If someone would ask me if I'm familiar with websockets then I would answer yes. If there were to ask a follow up question on how it works then I'd be stumped. The only thing I realized that I know about websockets is that it is first initiated by an [[HTTP]] request and then the underlying [[TCP]] connection for that request is hijacked and kept open for communication.
I know there is the [[The Websocket Protocol]] but other than an initial handshake what does it do? And how does one proxy it, is it possible to just proxy the request as normal or do you need to hijack at each proxy and recreate the request to send further?
## Reading the websocket protocol
I'll start of by reading the protocol specification found at [The Websocket Protocol](https://datatracker.ietf.org/doc/html/rfc6455). I may choose to at many of the notes I take from that into [[The Websocket Protocol]] and keep the notes on how the protocol may affect my implementation.
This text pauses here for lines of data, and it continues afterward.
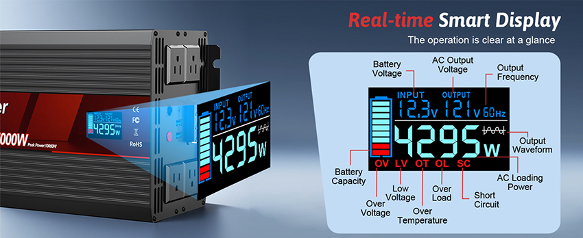 This inverter can efficiently convert 12V DC to 110V/120V AC with 4000W continuous power and 8000W peak power. Adopting advanced pure sine wave technology, the output AC power quality is comparable to utility power, with extremely high conversion efficiency, low energy consumption and low no-load loss. Whether it's for RV camping trips, road trips, van life and other travel scenarios, or for daily use, it can provide stable power supply around the clock.
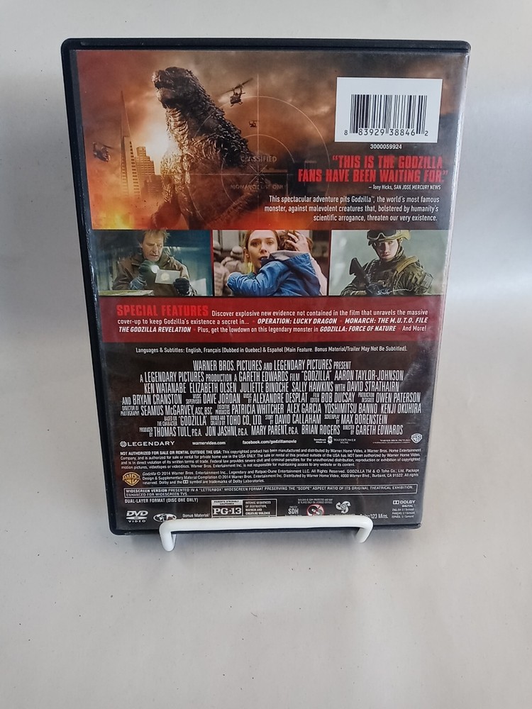 This DVD features the 2014 sci-fi monster film, Godzilla, directed by Gareth Edwards and starring an ensemble cast. The movie is rated PG-13 and includes English, French, and Spanish subtitles. Released by Warner Home Video, the DVD format is compatible with most players. The story follows the giant monster's return to wreak havoc on humanity and the efforts to stop it. This DVD is a must-have for fans of the genre and those who enjoy action-packed films. Dvd/Cds rated very good are based on the disc being nearly scratch free up to pristine condition. Any cracked cases will be replace with a non cracked case before shipping Pictures are of the actual item you will receive. We do the best we can to keep our buyers informed. If item is new unused it will be stated, but most of our items come from flea markets, yard sales, estate sales, and storage lockers. Feel free to ask any questions you may have. Please check out our eBay store for more new and used items. We combine shipping when more than 1 item is purchased. Thanks for looking.
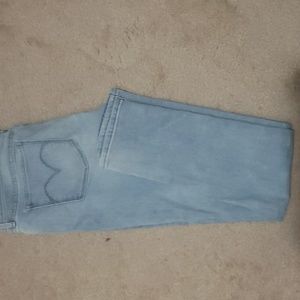 New without tags. Received as a gift (didn't fit me the way i want my jeans to fit but couldn't hurt g-ma's feelings). Never worn. No fraying at bottom on jeans,no stains,no discoloration,no holes or rips. Smoke fee & pet free home.

After reading the specification it seems I only need to consider the initial handshake (and possibly correctly responding to the close handshake). In [[The Websocket Protocol#Completing the handshake|completing the handshake]] to complete the initial handshake the server needs to respond with:
```
HTTP/1.1 101 Switching Protocols
Upgrade: websocket
Connection: Upgrade
Sec-WebSocket-Accept: <some_key>
Sec-WebSocket-Protocol: <some_subprotocol_name>
```
I should need to attempt to interpret anything past the `Upgrade` and `Connection` headers. Since I'll be opening a [[Dedicated tunnel|dedicated tunnel]] for each websocket request, all I need to make sure is the the response is correctly routed back to the caller after I have hijacked the network connection.